AndrewIOM commented 2 years ago

Thanks @nhirschey. I'm back from travelling now so have access to a Windows 10 VM and can finally start looking into the windows issues in detail today.

Just got started and can reproduce the lock-up locally on windows:

[19/09/2021 11:11:13] [Pid:7032, Tid:1, Apid:1] Adding member pi [19/09/2021 11:11:13] [Pid:7032, Tid:1, Apid:1] Adding member volcano [19/09/2021 11:11:13] [Pid:7032, Tid:1, Apid:1] Adding member volcanoList [19/09/2021 11:11:13] [Pid:7032, Tid:1, Apid:1] Adding member volcanoMean [19/09/2021 11:11:13] [Pid:7032, Tid:1, Apid:1] Finished generating types for C:\Users\acm\Documents\GitHub\RProvider\tests\Test.RProvider\data/sample.rdata [19/09/2021 11:11:15] [Pid:6036, Tid:9, Apid:1] [Server Pipe log]: Pipe has closed.

Will investigate this (look at error handling / pipe closure etc.), and also the logging issue.

I think the client and server are both running, but that a recent regression has stopped logs from spawned server processes being added to the text file on macOS for some reason (could be related to passing of environment variables?). These logs were there a few commits ago, and now on my local mac copy of this PR I only see logs from the client. Will investigate!

Edit: so it looks like the issue only occurs on windows during fake test. I have been able to run all tests using dotnet test, and also use R from dotnet fsi. In image, left is Ubuntu with fake passing; right is windows with dotnet test and dotnet fsi working (R v4.0.2, dotnet latest v5 SDK, Windows 10 1704). It may be that it builds and runs fine when the build is triggered for a second time. Screenshot 2021-09-19 at 11 55 39 .

AndrewIOM commented 2 years ago

I think I have identified the problem - the Stop command is not being sent on windows, as it never detects that the process with the given PID has ended (this is when the process is no longer present in task manager). The problematic block of code is:

/// Process.WaitForExit does not seem to be working reliably
/// on Mono, so instead we loop asynchronously until the process is gone
let rec asyncWaitForExit pid = async {
  let parentProcess = try Process.GetProcessById(pid) |> Some with _ -> None
  match parentProcess with
  | Some _ ->
    do! Async.Sleep(1000)
    return! asyncWaitForExit pid
  | None -> () }

Will work on a fix. Edit: Fix applied in below commit stops windows from locking up locally, and allows dotnet test to run correctly. However, this has not fixed the problems with CI

AndrewIOM commented 2 years ago

Windows and macOS are now building and testing OK!

Only linux to go - this is proving tricky, as it works locally for me. Going to try R 4.0.2 locally to see if that makes a difference.

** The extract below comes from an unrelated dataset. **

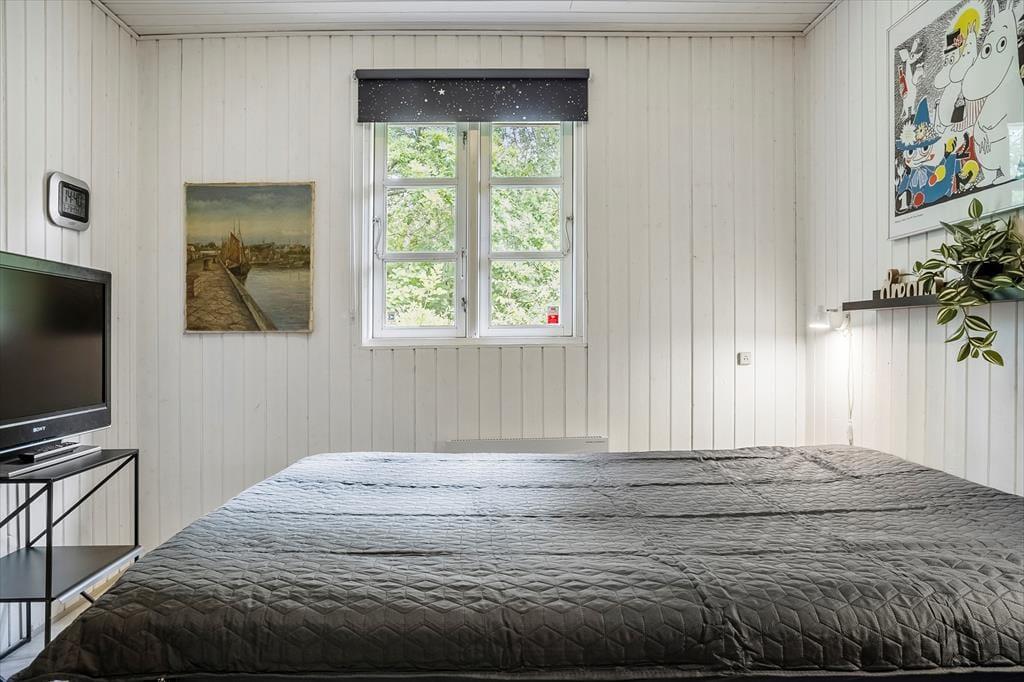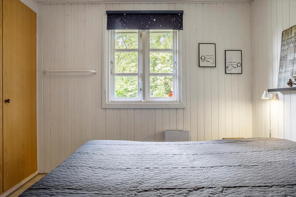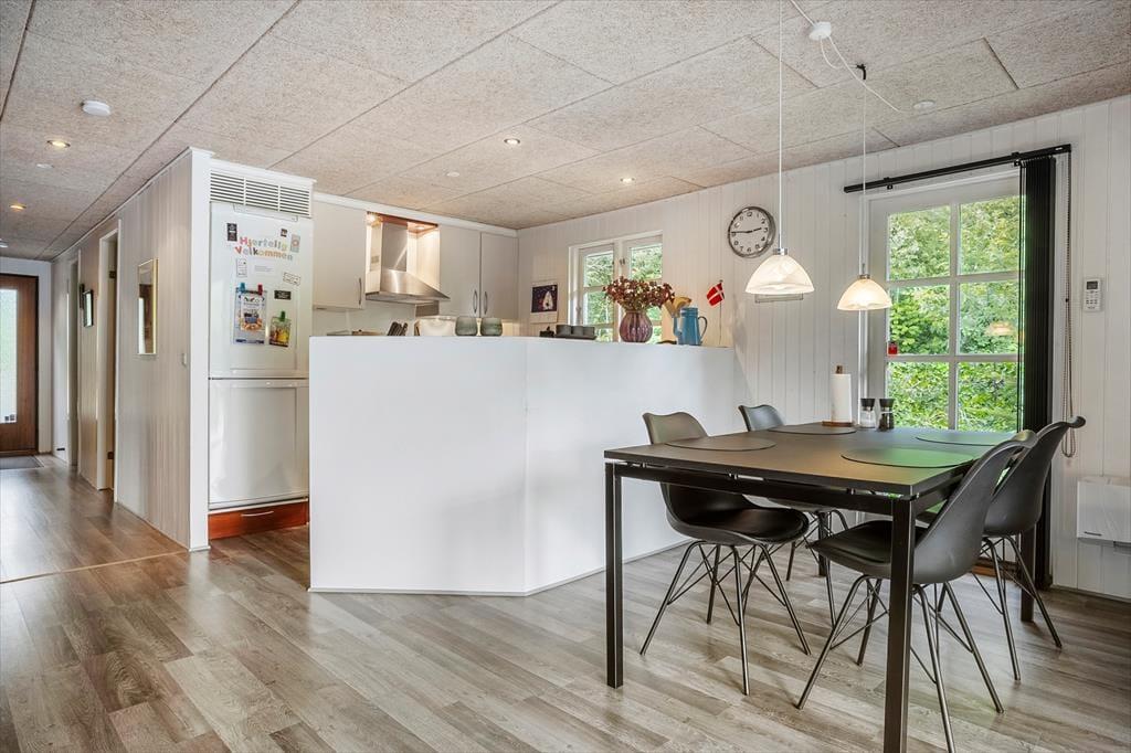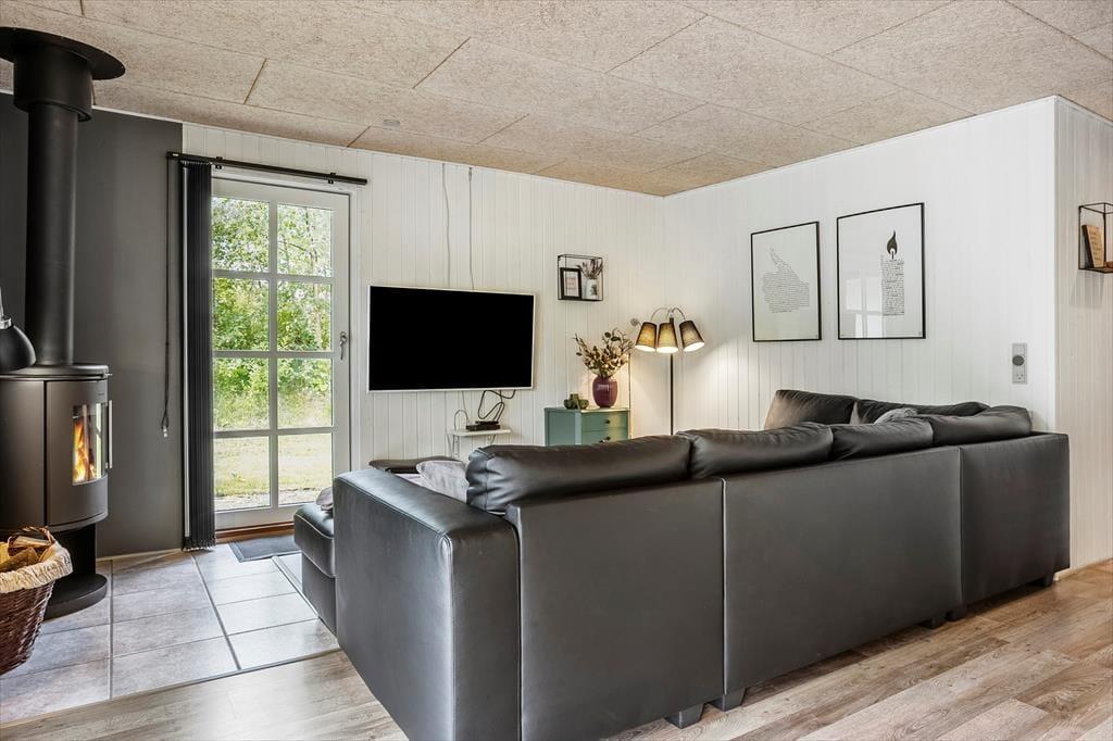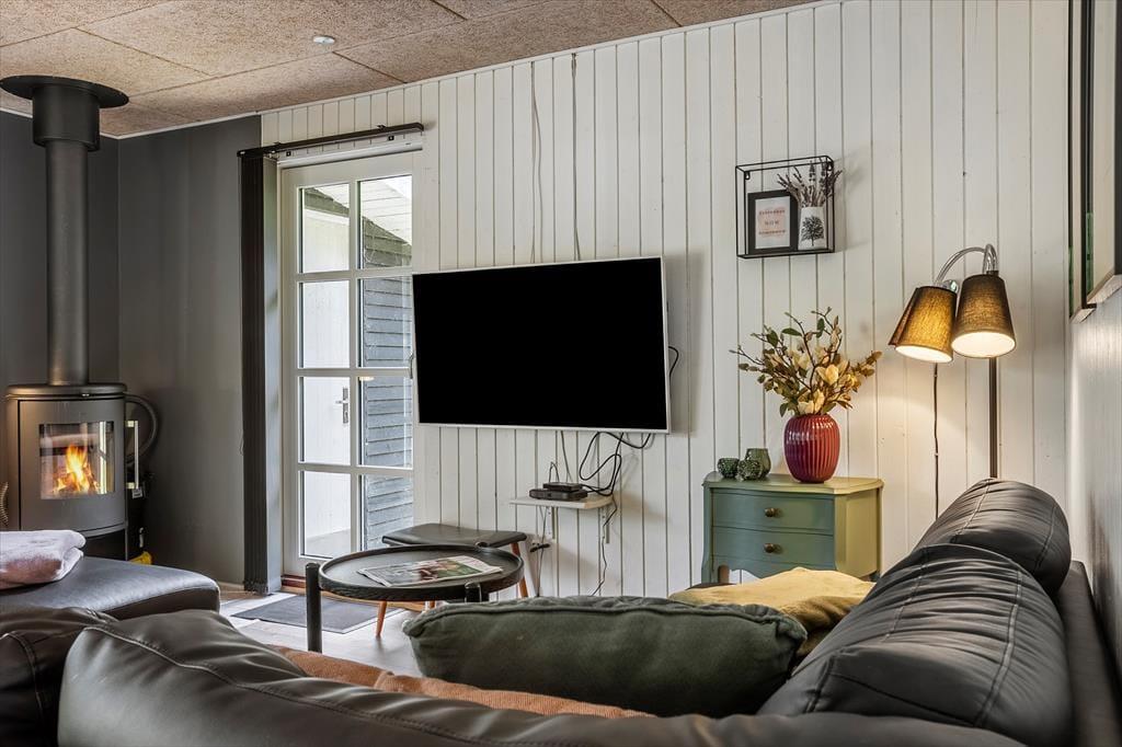 Allerede når du træder ind ad døren, møder du en varm og indbydende atmosfære. Sommerhusets lyse indretning og venlige farvetoner inviterer dig til at sænke skuldrene og tage ferien i helt roligt tempo. Stuen og køkkenet ligger i åben forbindelse, hvilket gør det let at være sammen – også når nogen laver mad, og andre nyder et spil kort ved spisebordet. Brændeovnen står centralt placeret og sørger for både varme og feriestemning, når flammerne knitrer bag ruden og skaber den helt særlige hygge, man kun finder i et sommerhus. Her er plads til at samle familien til nærvær, latter og langsomme dage i sofaen – og med god plads til seks personer er der rig mulighed for, at både børn og voksne kan føle sig godt tilpas.
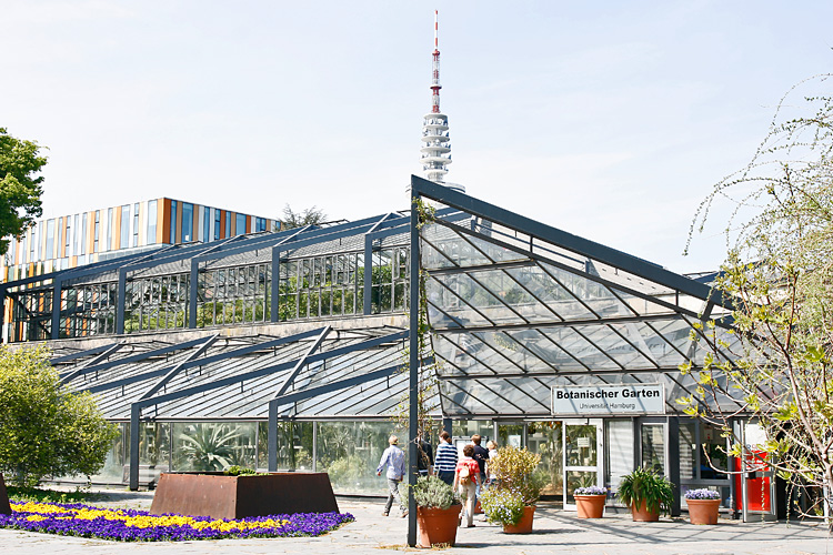 Zugang zu den Tropengewächshäusern über den Park „Planten un Blomen“,

dsyme commented 2 years ago

Great progress!

nhirschey commented 2 years ago

Fantastic! I was able to build and pass all tests on windows 10 using dotnet fake build -t All. Additionally, today is the first time that I have seen intellisense in Visual Studio 2019 working without errors on the R types/namespaces (I can browse packages, installed datasets, etc. using R. or open RProvider.).

@AndrewIOM maybe save this for a separate issue, but when I plot something the plot window is locked up by the REngine. I cannot resize the window and if I try to close the plot window it crashes the F# process (see gif).

rprovider-plot

AndrewIOM commented 2 years ago

I have been debugging the reasons for the Ubuntu fail on CI but not on a local machine. I have identified that it is actually REngine.GetInstance() in RInit.fs that is hanging in the Ubuntu CI, so this could be an RDotNet issue. I tried moving the engine initialisation out to a subsequent call to engine.Initialize() - this then is the step that locks up. No exceptions seem to be thrown. Not 100% sure how to proceed with this, as it works for me on the same Ubuntu version and same R version vscode dev-env. Downgrading the CI to R 3.6.3 doesn't help.

Really exciting to see it all working on Windows. Thanks for testing! For the years I have used RProvider (on mac), the graphics have beachballed and been locked up when using quartz, but not when using X11. I will open an issue - definately worth a fix for both windows and mac.

I propose that we remove Ubuntu for now and merge in this PR to get Windows working on CI. We could then release an RProvider v2.0.0-beta to allow wider testing of the .net 5 version. We could start a new PR to resolve the outstanding Ubuntu CI issues. What do you think?

Screenshot 2021-09-20 at 22 42 53

!

dsyme commented 2 years ago

I propose that we remove Ubuntu for now and merge in this PR to get Windows working on CI.

Sounds good!